Aunque Lilith había anticipado esto, no esperaba que Orión fuera tan directo, entregando los recursos de nivel Alfa sin dudarlo.
Sus manos temblaron ligeramente mientras sostenía la caja de madera.
¡Este era material de nivel Alfa!
Su corazón se aceleró ante la idea.
Mientras tanto, cada miembro del consejo miraba a Lilith con los ojos muy abiertos, sus miradas fijas no en su belleza sino en la caja de madera en sus manos, que ejercía un atractivo irresistible.
Sentada a un lado, Delilah observaba a su hermana menor y no podía evitar sentirse agradecida.
Casar a Lilith con Orión había sido una de las mejores decisiones que había tomado.
No solo ella misma se había convertido en una poderosa de nivel Alfa, sino que ahora su hermana también tenía una gran oportunidad.
—¡Ejem!
Orión se aclaró la garganta, atrayendo la atención de todos hacia él.
—Los siguientes en la línea para recibir recursos serán Thundar y la Reina Araña.
—¡Estoy ansioso por ver cuál de ustedes se convertirá en el tercer miembro de nivel Alfa!
La repentina aparición de recursos de nivel Alfa había energizado a los miembros del consejo.
Orión no explicó por qué la Reina Araña estaba incluida en la secuencia, pero ninguno de los ancianos lo cuestionó.
Su confianza en Orión era absoluta.
Creían que si la Reina Araña era elegible para recursos de nivel Alfa, debía haber una buena razón.
…
El foco de la reunión del consejo se reducía a una cosa: beneficio y poder.

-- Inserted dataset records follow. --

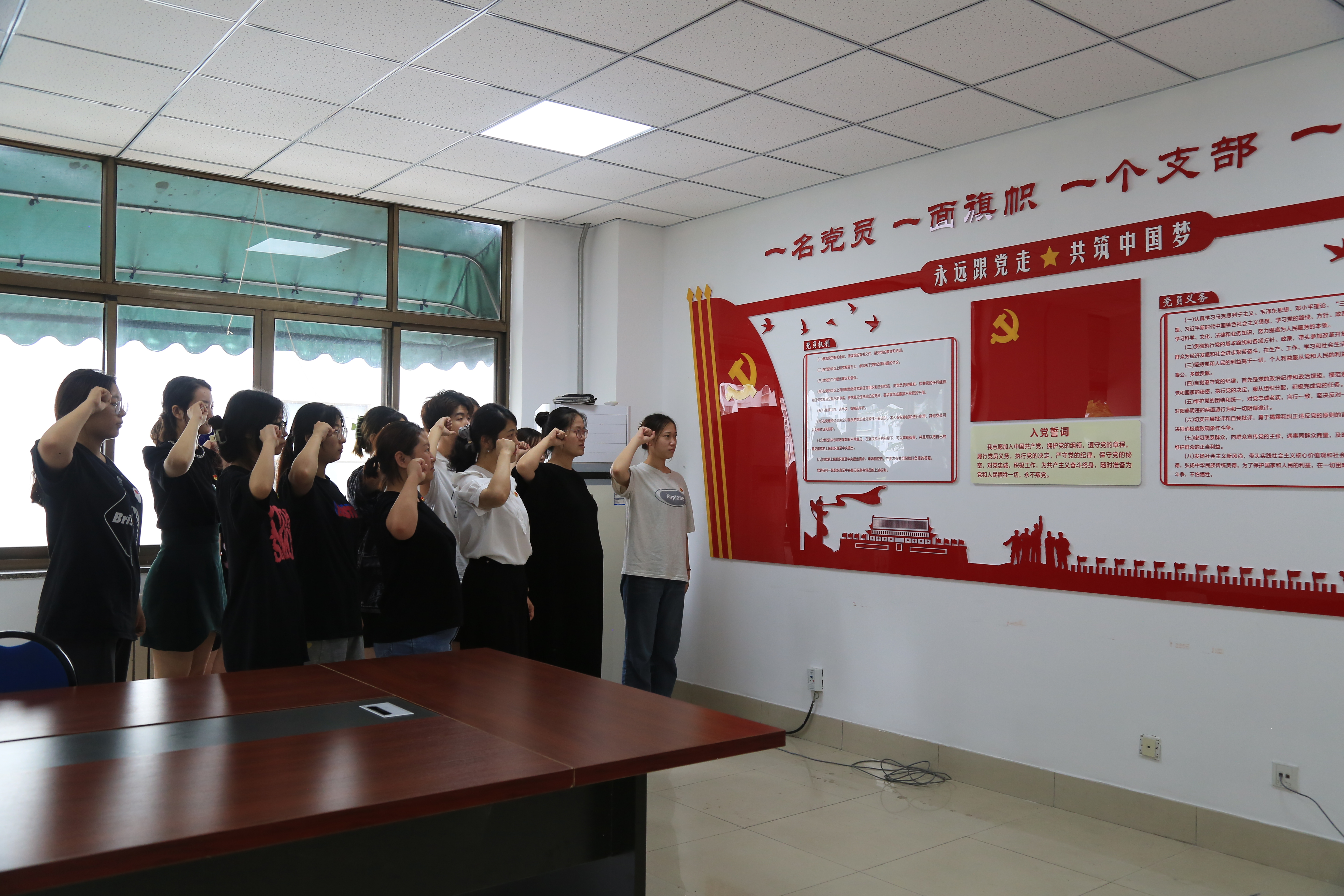 党课结束后,全体党员在党建活动室举起右拳,面向党旗庄严宣誓。全体在校师生党员参加活动,部分入党积极分子参加了党课学习。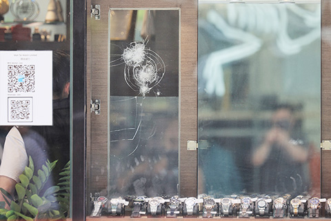【港訊】尖沙咀麼地道二十二號一間鐘錶行發生劫案,損失共八隻名錶,市值約三百八十萬元。警方正追捕五名年約三十至四十歲的男疑犯,指五人案發時身穿深色上衣和深色褲,其中一人持鐵鎚,一人持刀及鐵鎚。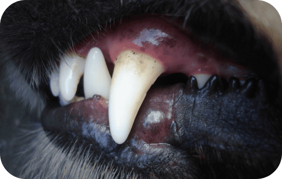 У собак кариозные поражения чаще развиваются на коронковой части зуба при длительном контакте с липкими углеводными остатками, при наличии выраженного налета и камня.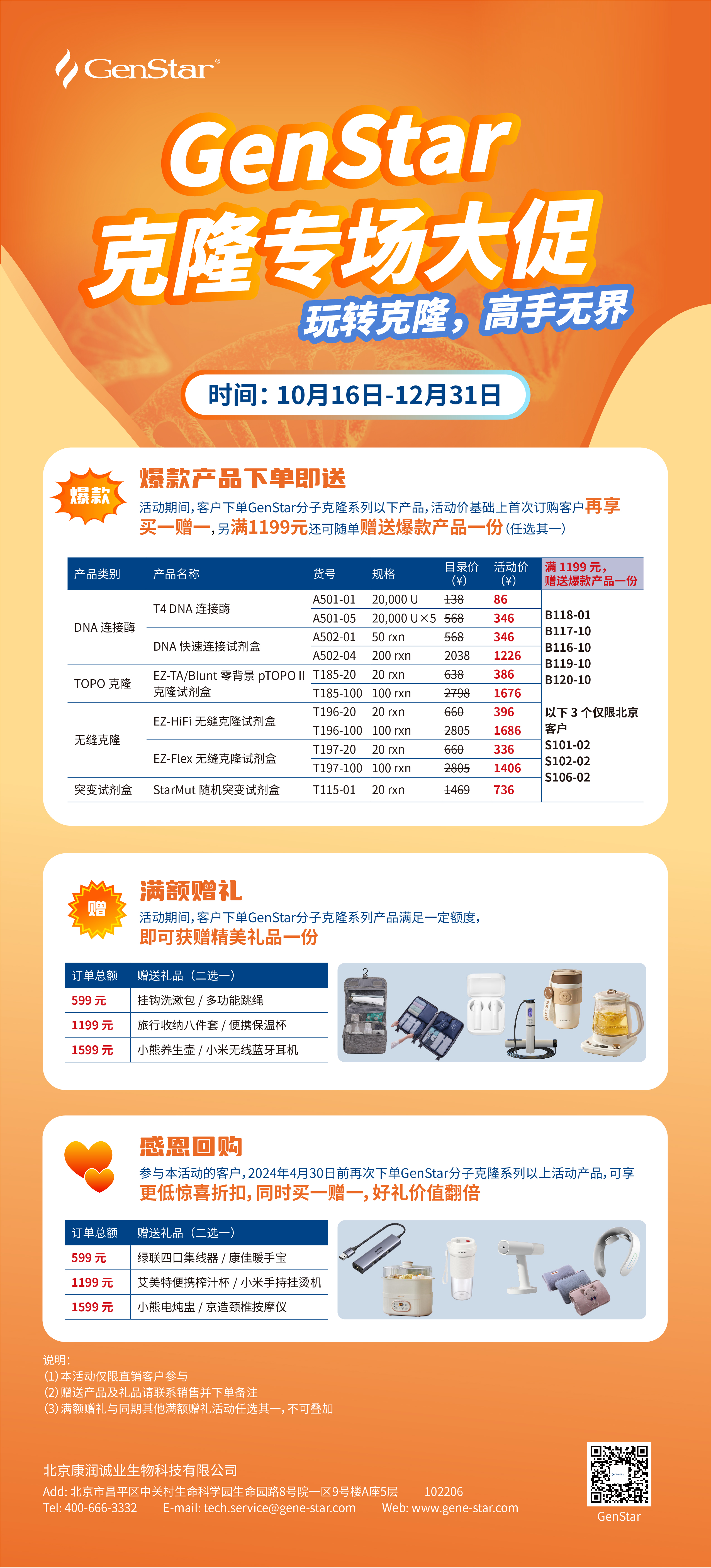 分子克隆是分子生物學的一項核心技術(shù),發(fā)展至今,從經(jīng)典的酶切酶連法、快捷簡單的TOPO克隆法到靈活高效的同源重組克隆,都有其各自的優(yōu)勢和應用場景。GenStar的分子克隆系列產(chǎn)品經(jīng)過不斷優(yōu)化和迭代,自上市以來,備受眾多客戶的認可和支持。為回饋新老客戶,我們特推出分子克隆系列產(chǎn)品專場促銷,助您的分子克隆實驗脫離“靠運氣”的魔咒,從入門到精通。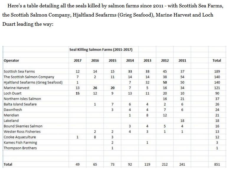 The "fatal results" of Scottish Sea Farms can also be seen in published data on seals killed – with Scottish Sea Farms named and shamed as Scottish salmon's #1 seal killer.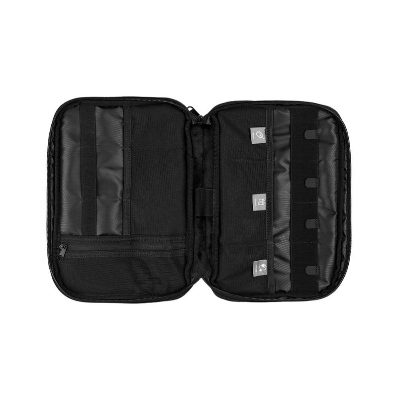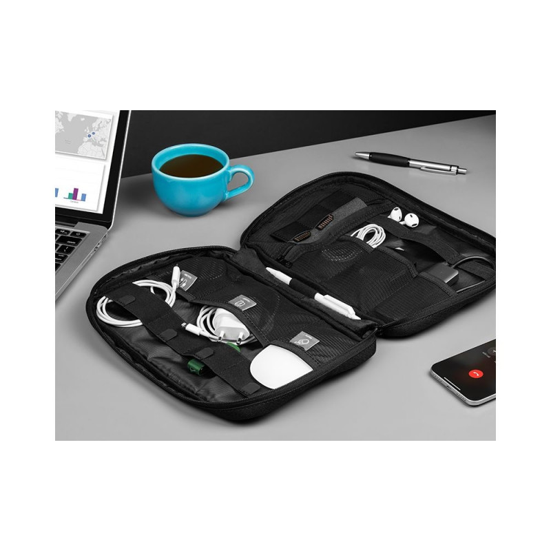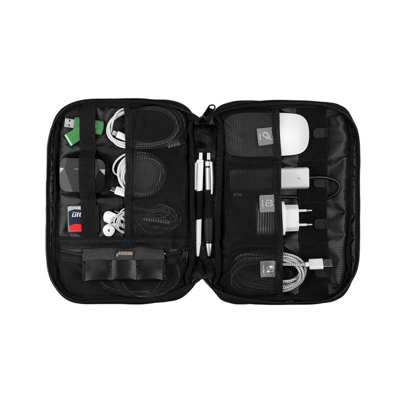 -1 x zamykana na suwak kieszeń zewnętrzna, siateczkowe przegródki/dedykowane miejsca na ładowarkę, stylus do tabletu, mysz, przewody, karty pamięci, gumowe elastyczne taśmy wewnętrzne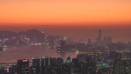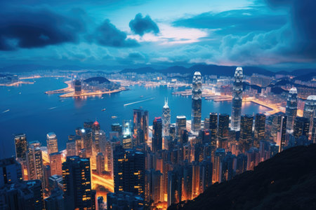 Hong Kong skyline at night. Hong Kong is the largest city in the world, Hong Kong city view from The Peak at twilight, AI Generated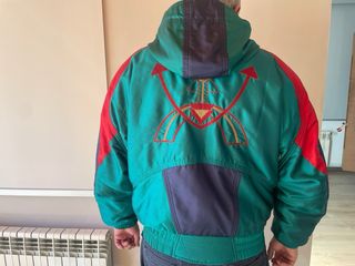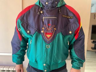 Chaqueta de esquí Descente con un diseño multicolor y detalles bordados. Calidad Descente y de alta gamma. Tiene sus años pero casi sin uso, estado como nueva, impecable. Logo de Descente bordado en la manga. - Bolsillos frontales con cremallera y solapa. - Capucha integrada que ae puede sacar con cremallera. Todas las cremalleras estan en impecable estado. Opcion de comprar pantalones a juego, el pantalon esta como nuevo solo hay un desgaste en los protectores internos donde solapan las botas de esqui. El estado general es muy bueno no se notas el paso del tiempo. En su momento costo 1400€
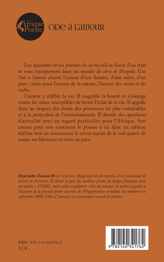 Les quarante-et-un poèmes de ce recueil se lisent d'un trait et vous transportent dans un monde de rêve et d'espoir. Car Ode à l'amour chante l'amour d'une femme, d'une mère, d'un père; mais aussi l'amour de la nature, l'amour des mots et du verbe. L'auteur y célèbre la vie. Il magnifie la beauté et s'insurge contre les maux susceptibles de ternir l'éclat de la vie. Il appelle donc au respect des droits des personnes les plus vulnérables et à la protection de l'environnement. Il aborde des questions d'actualité avec un regard particulier pour l'Afrique. Son amour pour son continent le pousse à en faire un tableau réaliste tout en nourrissant le secret espoir de le voir guérir de toutes ses blessures et vivre en paix.
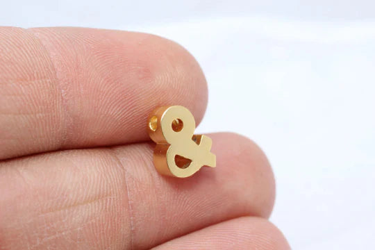 Matte Gold Plated Punctuation Marked Pendant Letter Pendant Ampersand Pendant Spacer Bracelet Necklace Hole Diameter: 2mm Dimensions: 8x10mm Price is per piece. 24 carat gold plated on brass. A quality product resistant to rust and tarnishing. Do not contact with chemicals and perfume for long-term use. It has passed all tests does not contain materials harmful to health. Colors may vary depending on screen settings and ambient light.

Los recursos de nivel Alfa eran el máximo motivador, el mayor premio.
Bajo el señuelo de tales beneficios, Orión podía ver el hambre en los ojos de cada anciano.
No era solo un deseo de fuerza—era un anhelo por el prestigio e influencia que venía con el estatus de nivel Alfa.
Precisamente por eso Orión siempre distribuía recursos de nivel Alfa públicamente.
Al vincular estas recompensas con las ambiciones personales de los ancianos, podía impulsarlos a hacer avanzar la horda.
Muchas cosas, una vez convertidas en hábitos, podían cambiar sutilmente a una persona—y eventualmente, el entorno que los rodeaba.
—Segundo asunto: la propuesta de reestructuración del consejo.
Orión entrecerró sus ojos de halcón, explorando a los miembros del consejo mientras hablaba en un tono calmado pero autoritario.
—Nuestra horda continuará fortaleciéndose, y el número de miembros del consejo aumentará.
Para gestionar mejor la horda, el consejo será reestructurado en niveles y categorías.
—Los ancianos serán clasificados del Nivel 1 al Nivel 9, con los ancianos de Nivel 9 teniendo un estatus solo superado por los ancianos superiores.
—Además, los ancianos se dividirán en cuatro categorías: Disciplina, Combate, Mayordomía e Intuición.
Estas categorías asistirán a los cuatro ancianos superiores en la gestión de la disciplina, guerra, logística y planificación estratégica de la horda.
Anteriormente, todo el poder dentro de la Horda Corazón de Piedra se había concentrado en manos de Orión.
No fue hasta la unificación del Bosque Negro que comenzó a delegar autoridad a los cuatro ancianos superiores.
Ahora, con la horda creciendo aún más, su estructura interna necesitaba refinarse más para adaptarse a la situación actual.
El antiguo sistema de consejo, heredado de los gigantes, ya no era suficiente.
Orión entendió que si la Horda Corazón de Piedra debía prosperar, necesitaba construir una base sólida para una gran facción.
Una horda con un sistema que mejoraba gradualmente era la única manera de asegurar un desarrollo sostenible.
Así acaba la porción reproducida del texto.